The President's Address Tonight




President Bush will harangue us tonight on the importance of supporting the occupation of Iraq and the continuing city-destroying war against the insurgents. We can count on hearing Christian metaphors embedded in patriotism, with an exclusionary and unapologetic God Bless America at the end.

Bush's evangelical Christianity is a topic for study among America academics and experts around the world. Yesterday, Sébastien Fath of the French national thinktank, CNRS, addressed a Lebanese audience in Beirut on the slow transformation of American evangelicals in the United States towards a decidedly un-Christian Fascistic phalange under the leadership of the President.

Before getting into Fath's address, the American scholar Robert O. Paxton draws a portrait of hypothetical US fascism in his book, Anatomy of Fascism:
The language and symbols of an authentic American fascism would, of course, have little to do with the original European models….No swastikas in an American fascism, but Stars and Stripes and Christian Crosses….Americans might support an enterprise of forcible national regeneration, unification and purification…Would Protestant fundamentalism play this function for Americans? [Stanley G.] Payne has argued fascism requires the space created by secularization, because a religious fascism would inevitably limit its leader not only by the cultural power of the clergy but by “the precepts and values of traditional religion.”
Fath warns exactly of this: the continuing secularization of evangelical faith under the guidance of George Bush to permit his unlimited actions in the War on Terror.

From Mariam SEMAAN writing for L'Orient-Le Jour:

In a series of conferences sponsored by the USEK History Institute, Mr. Sébastien Fath, fellow of the National Center for Scientific Research (CNRS, Paris) gave a scholarly exposition on Religion and Politics in the United States: The New Messianism.

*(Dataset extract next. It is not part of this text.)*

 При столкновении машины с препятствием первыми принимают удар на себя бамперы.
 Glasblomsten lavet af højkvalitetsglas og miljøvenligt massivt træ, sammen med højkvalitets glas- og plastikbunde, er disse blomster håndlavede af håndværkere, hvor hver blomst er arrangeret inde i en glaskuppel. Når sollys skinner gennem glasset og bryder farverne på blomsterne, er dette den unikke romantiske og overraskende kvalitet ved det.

In an initiative promoted by Mr. Dominique Avon, Mr. Fath has analyzed the American notion of secular religion, at the heart of which lies messianism. This generic religion, which sanctifies communal identity, has evolved over time and is about to undergo another transformation with a push from George W. Bush.

In order to cement a heterogeneous melting pot around communal beliefs, the United States has developed a sort of civic religion--a mix of convictions centering on faith, idealism and extreme patriotism. This untraditional religion, whose goal is to create a communal identify has five characteristics: The white Anglo-Saxon Protestant heritage of the Founding Fathers, emphasis on faith and prayer, individualism, optimism and a necessary belief in messianism. In constant evolution, it adapts itself to changes in US society and undergoes gradual change without attachment to particular religious family. Over its history, it has exhibited certain preferential orientations, directly linked to groups in power and to powerful lobbies.

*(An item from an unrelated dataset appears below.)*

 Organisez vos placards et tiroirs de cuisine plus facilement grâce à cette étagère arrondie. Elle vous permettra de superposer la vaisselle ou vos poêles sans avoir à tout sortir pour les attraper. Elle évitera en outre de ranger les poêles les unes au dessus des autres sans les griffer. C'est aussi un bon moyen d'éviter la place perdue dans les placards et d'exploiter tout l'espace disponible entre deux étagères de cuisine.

Intended to unite a multi-confessional nation in times of crisis, it was deployed in the aftermath of WWI in the presidency of President Wilson and most recently following the September 11th attacks under the presidency of George W. Bush.

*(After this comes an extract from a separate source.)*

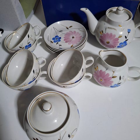 Dulevo kahvi/ tee astiat.1 kpl.iso lautanen+teekannu+ 3 kpl.pieni kuppi+3 kpl.lautasta.Yht.hinta 30€.

Between 1919 under Wilson and 1950, America's civic religion underwent the influence of the mainstream religions, that is, long-established Protestant sects ( Presbyterianism, Episcopalianism, Methodism...)which imparted optimism, humanism and the principle of self-restraint founded on a transcendent God.

Between 1960 and the end of the 20th century, the mainstream churches became marginalized by the evangelical churches, a Protestant faith drawing its inheritance from the margins of the established churches—a Protestantism marked by religious revival or rebirth representing a radical reorientation of life following an extraordinary religious experience. The Born-Again-Christians are especially pious, which contributes a moralizing fervor to civic religion. Under George W. Bush, who since his meeting with preacher Billy Graham presents himself as an evangelical, the United States has aligned itself along the same axis. The President of the United States considers his presidential mandate a divine vocation. His election and reelection are due in large part to evangelical voters.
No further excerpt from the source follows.